SOURCE MATERIAL ▸
===============

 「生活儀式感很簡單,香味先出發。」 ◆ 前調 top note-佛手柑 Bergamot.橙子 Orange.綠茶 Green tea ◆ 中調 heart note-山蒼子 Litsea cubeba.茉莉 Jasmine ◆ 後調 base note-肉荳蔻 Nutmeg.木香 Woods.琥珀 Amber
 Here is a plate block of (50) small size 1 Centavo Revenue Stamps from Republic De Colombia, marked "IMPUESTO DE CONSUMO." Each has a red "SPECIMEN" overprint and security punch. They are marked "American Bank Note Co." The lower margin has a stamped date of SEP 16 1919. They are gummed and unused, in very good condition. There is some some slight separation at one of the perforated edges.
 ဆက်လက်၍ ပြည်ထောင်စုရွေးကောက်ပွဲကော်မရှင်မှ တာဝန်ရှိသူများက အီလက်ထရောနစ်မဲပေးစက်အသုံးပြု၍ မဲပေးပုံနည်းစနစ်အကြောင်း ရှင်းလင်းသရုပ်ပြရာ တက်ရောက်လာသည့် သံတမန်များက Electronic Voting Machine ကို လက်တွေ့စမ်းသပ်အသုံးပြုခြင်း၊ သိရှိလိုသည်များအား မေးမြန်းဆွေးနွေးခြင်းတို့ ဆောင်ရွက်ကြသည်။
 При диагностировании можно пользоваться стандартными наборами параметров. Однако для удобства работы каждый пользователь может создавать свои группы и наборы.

===============

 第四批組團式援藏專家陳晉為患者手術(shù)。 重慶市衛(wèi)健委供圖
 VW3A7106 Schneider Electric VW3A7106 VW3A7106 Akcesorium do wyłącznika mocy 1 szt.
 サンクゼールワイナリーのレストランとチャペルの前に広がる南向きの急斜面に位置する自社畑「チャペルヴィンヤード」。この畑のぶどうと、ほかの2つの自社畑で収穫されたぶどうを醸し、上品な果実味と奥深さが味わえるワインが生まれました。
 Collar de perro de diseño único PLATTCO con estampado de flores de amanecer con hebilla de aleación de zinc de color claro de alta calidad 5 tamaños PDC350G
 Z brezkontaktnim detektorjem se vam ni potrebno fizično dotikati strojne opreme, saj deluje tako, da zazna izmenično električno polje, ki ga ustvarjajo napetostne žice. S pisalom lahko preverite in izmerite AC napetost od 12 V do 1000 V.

===============

Copy the lines above exactly. Start with the line containing "Nutmeg.木香 Woods.琥珀 Amber", end with the line containing "При диагностировании можно", and include both.

ANSWER BOX ▸
 「生活儀式感很簡單,香味先出發。」 ◆ 前調 top note-佛手柑 Bergamot.橙子 Orange.綠茶 Green tea ◆ 中調 heart note-山蒼子 Litsea cubeba.茉莉 Jasmine ◆ 後調 base note-肉荳蔻 Nutmeg.木香 Woods.琥珀 Amber
 Here is a plate block of (50) small size 1 Centavo Revenue Stamps from Republic De Colombia, marked "IMPUESTO DE CONSUMO." Each has a red "SPECIMEN" overprint and security punch. They are marked "American Bank Note Co." The lower margin has a stamped date of SEP 16 1919. They are gummed and unused, in very good condition. There is some some slight separation at one of the perforated edges.
 ဆက်လက်၍ ပြည်ထောင်စုရွေးကောက်ပွဲကော်မရှင်မှ တာဝန်ရှိသူများက အီလက်ထရောနစ်မဲပေးစက်အသုံးပြု၍ မဲပေးပုံနည်းစနစ်အကြောင်း ရှင်းလင်းသရုပ်ပြရာ တက်ရောက်လာသည့် သံတမန်များက Electronic Voting Machine ကို လက်တွေ့စမ်းသပ်အသုံးပြုခြင်း၊ သိရှိလိုသည်များအား မေးမြန်းဆွေးနွေးခြင်းတို့ ဆောင်ရွက်ကြသည်။
 При диагностировании можно пользоваться стандартными наборами параметров. Однако для удобства работы каждый пользователь может создавать свои группы и наборы.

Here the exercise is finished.